After years of screaming higher, almost regardless of what the economy was doing, tech-oriented stocks are tanking and dragging down the rest of Wall Street. Many of these high-profile companies are still making billions of dollars in profits, and they continue to dominate the top of the rankings for most valuable businesses.
But two big changes have caused their stocks to come sharply back to Earth this year: Interest rates are rising, and expectations for their big continued growth suddenly look much more shaky.

Consider Netflix, whose stock more than tripled between early 2018 and its peak last November. It’s since lost virtually all that gain, dropping by more than two thirds this year alone for the worst loss in the S&P 500 as of Tuesday.

Similarly, Facebook parent Meta Platforms has lost close to half its value this year. Neither company falls into Wall Street’s “technology” classification; they’re instead categorized as “communications services” companies, along with many other internet-related stocks.

But they are both big parts of the Nasdaq composite index, along with such tech heavyweights as Apple and Microsoft. And the Nasdaq is on pace for its worst month since the 2008 financial crisis. Its drop of 20.2% for the year, as of Tuesday, was much worse than the 12.4% fall for the S&P 500 or the 8.5% slip for the Dow Jones Industrial Average, which has less of a tech focus.

The tech stocks in the S&P 500 are down 19.8% for the year through Tuesday, while communications services stocks in the index tumbled even more, 24.1%. The rest of the S&P 500 fell only 6.9%.

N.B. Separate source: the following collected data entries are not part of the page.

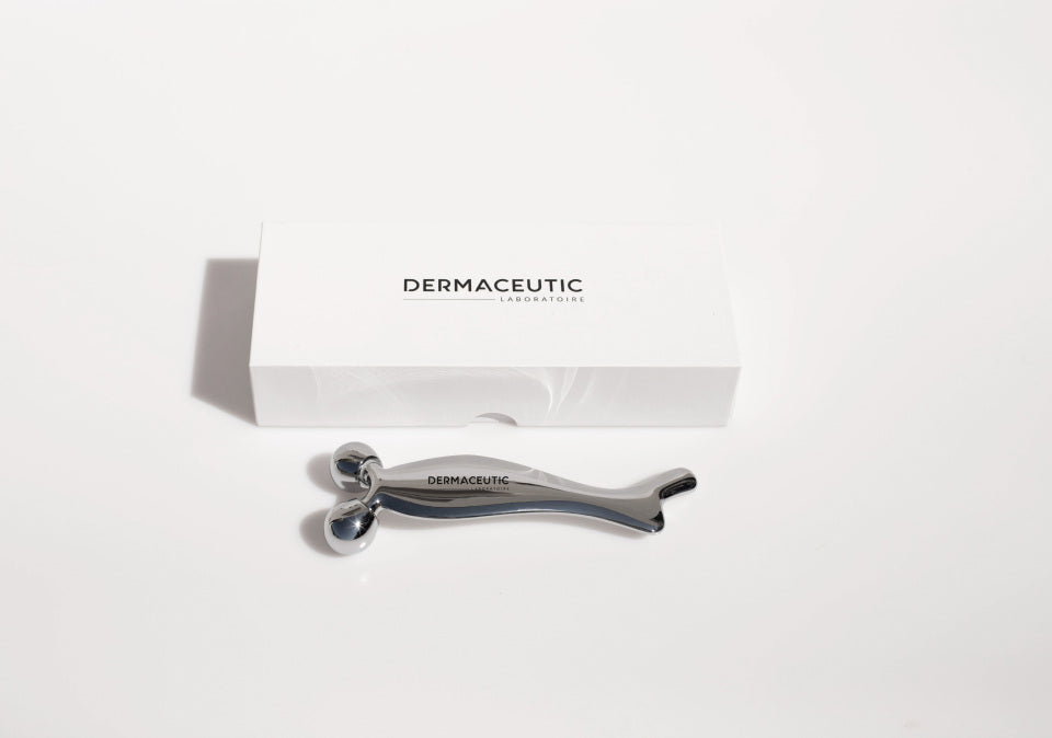Inspired by professional techniques, the Dermaceutic metallic facial roller combines ergonomic design with scientific precision to deeply stimulate the skin.
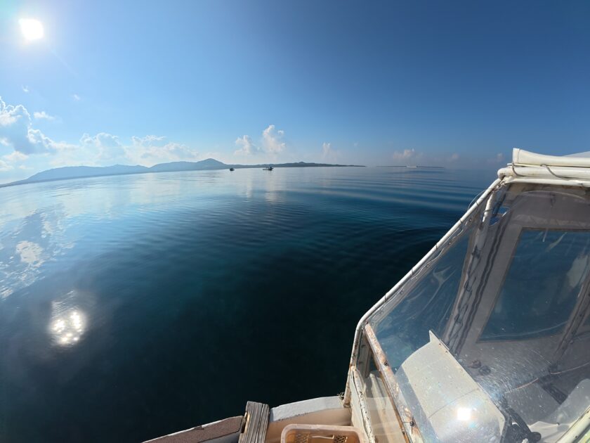 朝は無風でベタ凪の湾内は湖のようでした! 気温33℃ 水温28℃ 東の風 晴れ 【名蔵湾ロコモコ】透視度20m
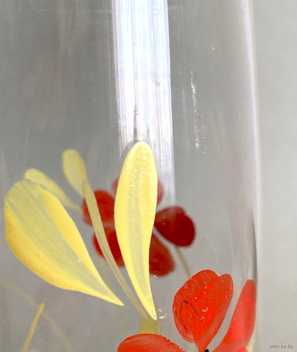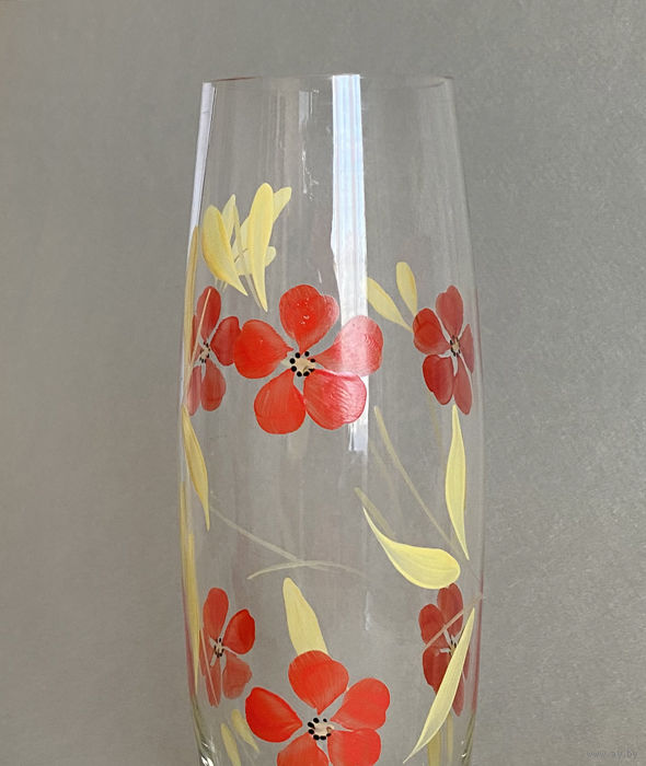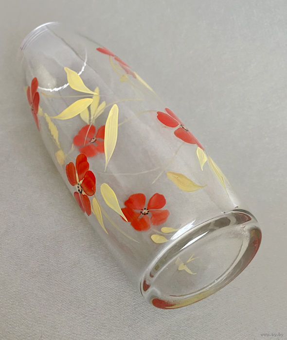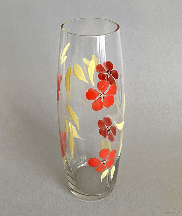 Ваза "Луговые цветы" советских времён. Стекло, краска, ручная роспись. Высота 25 см. Без сколов и трещин. Есть царапина (последнее фото).
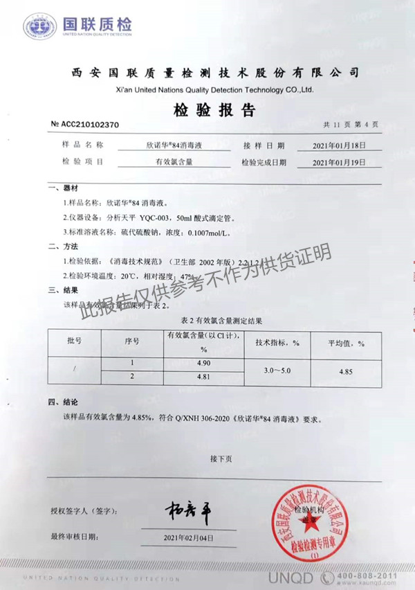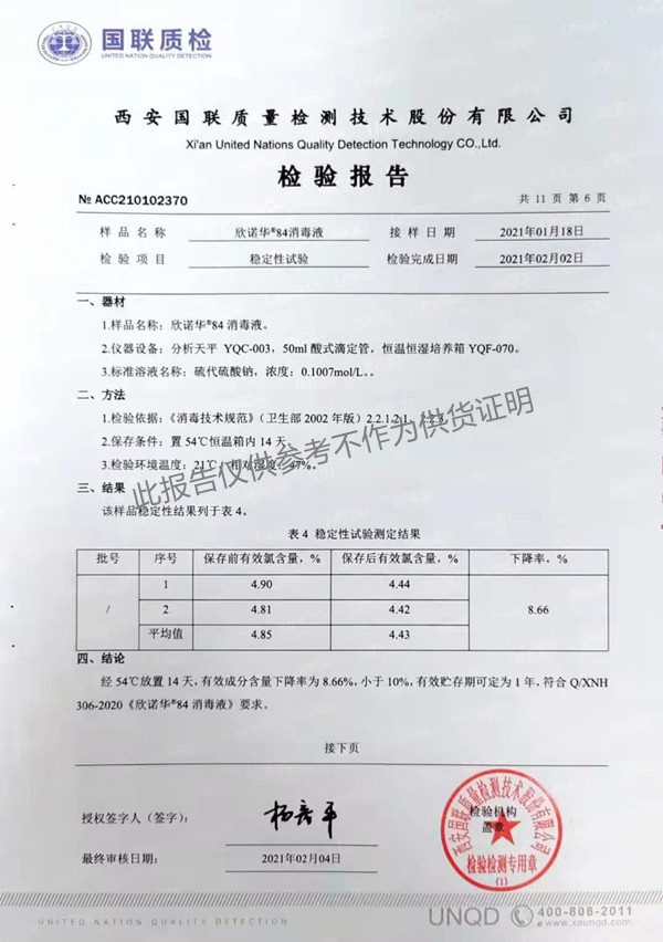欣諾華牌次氯酸鈉消毒液(XNH004型)檢測報告
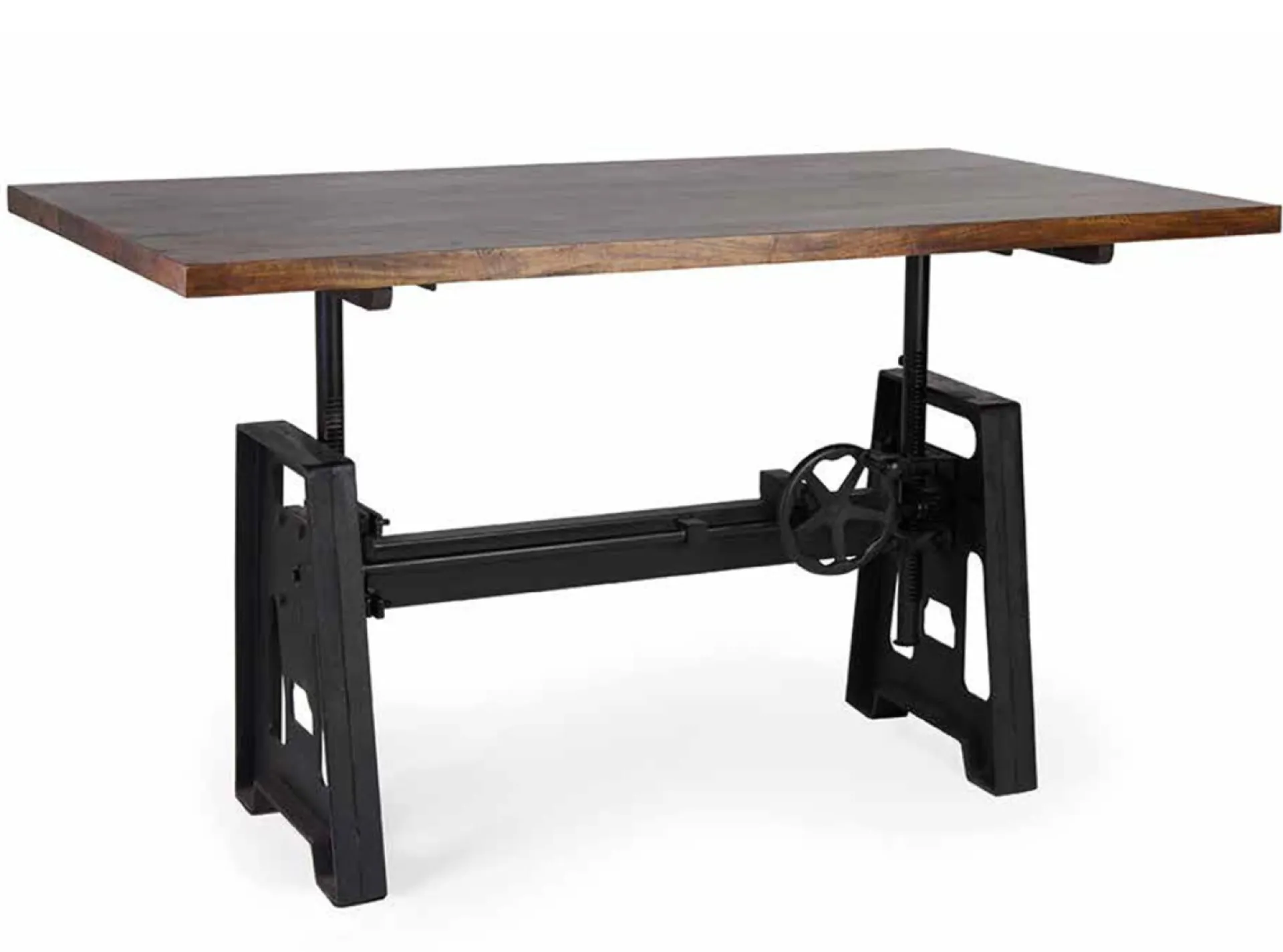 Mesa estilo industrial elevable con sobre demadera maciza de mango y estructura dehierro.
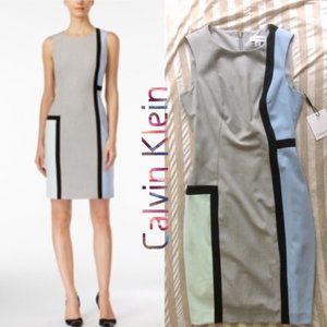 Classic, color block sheath dress w/ mint green & pale blue panels that add fantastic color.
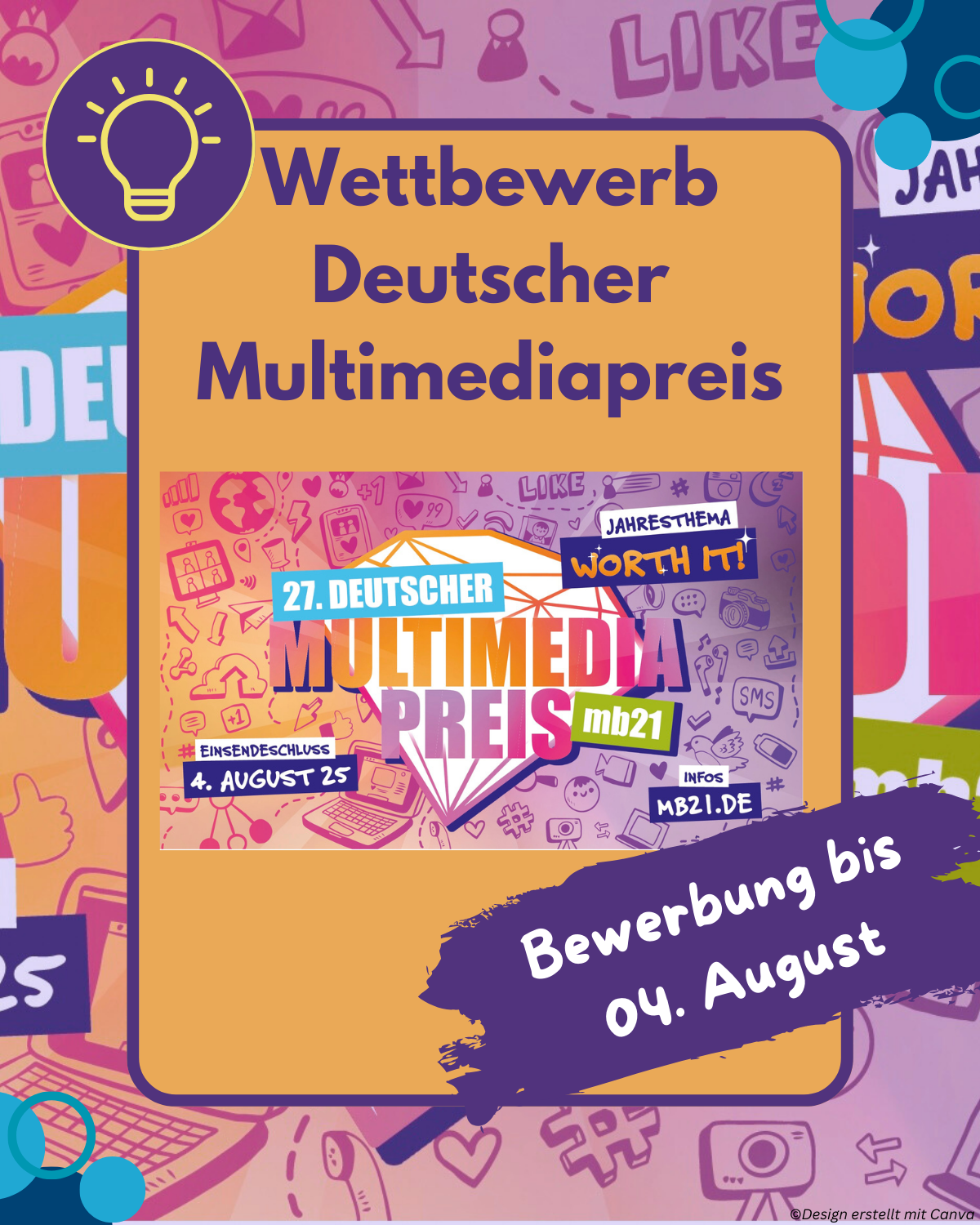 💡 Du bist unter 25 und kreativ mit digitalen Medien unterwegs? Reiche jetzt dein Projekt ein – egal ob App, Game, Video oder Website!

Tech-oriented stocks have struggled in large part because interest rates have shot to their highest level in years. The 10-year Treasury yield, for example, topped 2.90% recently after starting the year at 1.51%, though it’s receded in recent days. Yields have surged as the Federal Reserve prepares to raise short-term rates sharply to stamp out high inflation. It’s also planning other moves to push longer-term rates upward.

Higher interest rates are a drag on all kinds of investments. Now that a 10-year Treasury is close to offering a real return for the first time since the pandemic, after taking inflation into account, investors can make money by parking in safe bonds. That makes them less willing to pay high prices for riskier investments. High-growth, tech-oriented stocks are now taking the hardest hits because their prices earlier soared the highest.

Netflix, for example, began 2022 with a stock price trading at 45.6 times its expected earnings per share over the ensuing 12 months. That was more than double what investors were willing to pay for each $1 of expected earnings from the overall S&P 500.

Investors were comfortable paying such high prices for Netflix and tech stocks generally when interest rates were super-low. They also were willing to stretch for stocks of companies that were able to grow strongly, even when the overall economy was hurting.

But now rates are rising and continued growth looks less assured. Netflix recently reported a drop in its number of subscribers for the first three months of the year, for example, with more losses expected in the spring. People have more options for entertainment now that pandemic restrictions are being relaxed.

Google’s parent company Alphabet said Tuesday that its revenue growth last quarter slowed to its lowest pace since 2020. Analysts highlighted slowdowns in search and at YouTube in particular.

Stocks of semiconductor companies have also been big laggards this year, partly on worries that demand for smartphones, personal computers and other hardware will flag after sales exploded during the pandemic. An index of semiconductor stocks has dropped 26.3% this year, a sharp fall after it soared more than 40% for three straight years.